Task description
Please give back, word for word, only the lines starting at the one containing "Russian engineering journal." and ending at the one containing "Bavette d'aloyau à" within the material below.

Task inputs
== == ==

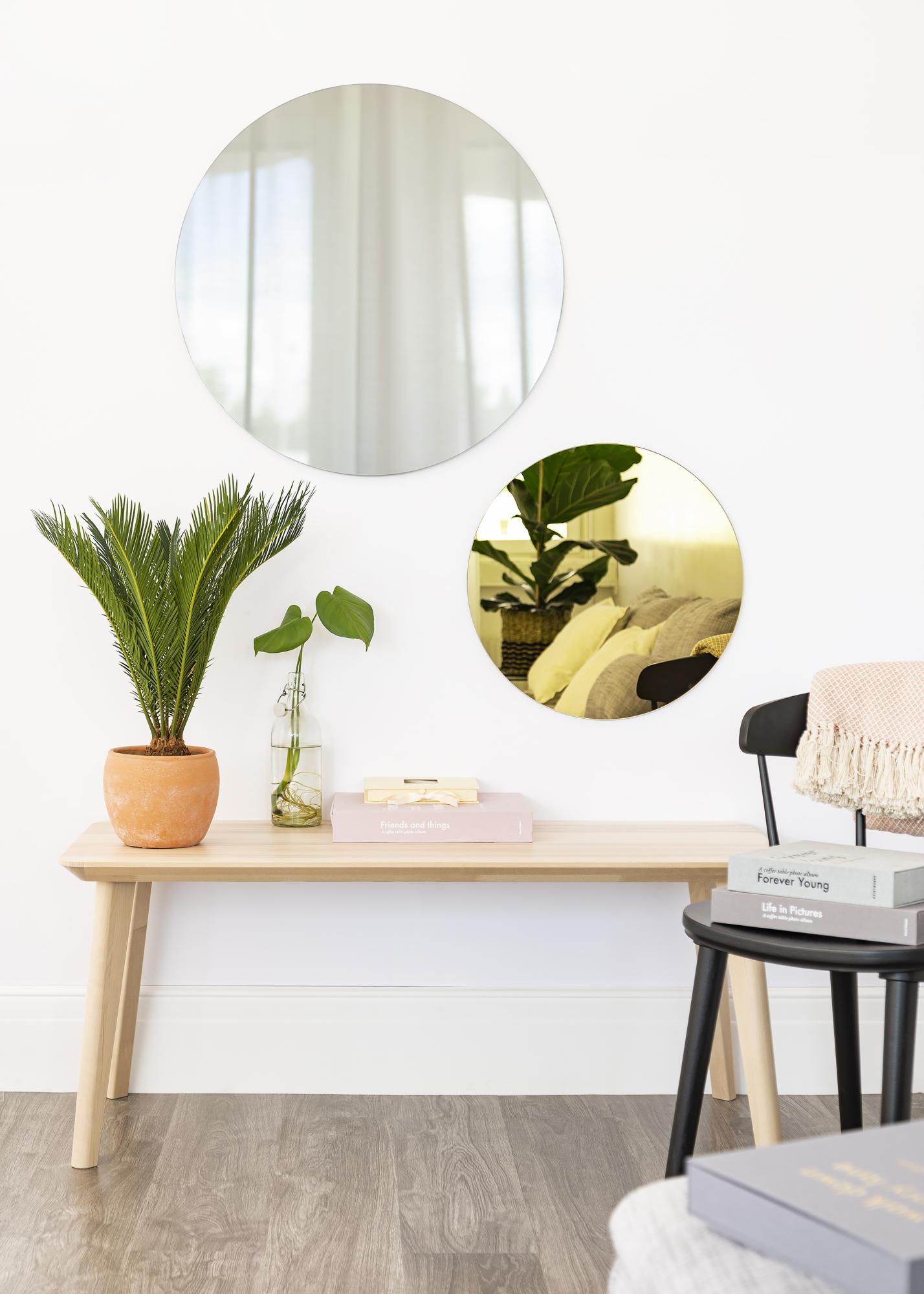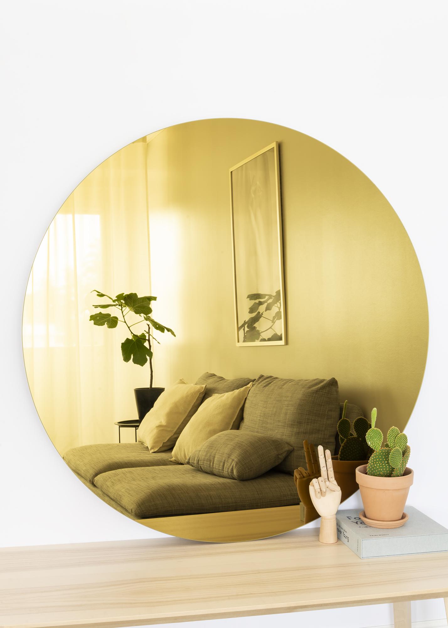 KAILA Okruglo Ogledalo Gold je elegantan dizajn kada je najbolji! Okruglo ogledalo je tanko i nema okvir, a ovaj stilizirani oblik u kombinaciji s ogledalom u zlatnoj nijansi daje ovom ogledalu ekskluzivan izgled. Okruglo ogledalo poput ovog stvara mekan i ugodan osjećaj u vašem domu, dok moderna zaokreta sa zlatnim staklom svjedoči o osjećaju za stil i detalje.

== == ==

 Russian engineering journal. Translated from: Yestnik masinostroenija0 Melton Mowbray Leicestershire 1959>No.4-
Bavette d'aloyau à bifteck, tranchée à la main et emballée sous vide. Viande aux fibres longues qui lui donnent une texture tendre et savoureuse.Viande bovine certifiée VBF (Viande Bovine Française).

== == ==

Solution below
 Russian engineering journal. Translated from: Yestnik masinostroenija0 Melton Mowbray Leicestershire 1959>No.4-
Bavette d'aloyau à bifteck, tranchée à la main et emballée sous vide. Viande aux fibres longues qui lui donnent une texture tendre et savoureuse.Viande bovine certifiée VBF (Viande Bovine Française).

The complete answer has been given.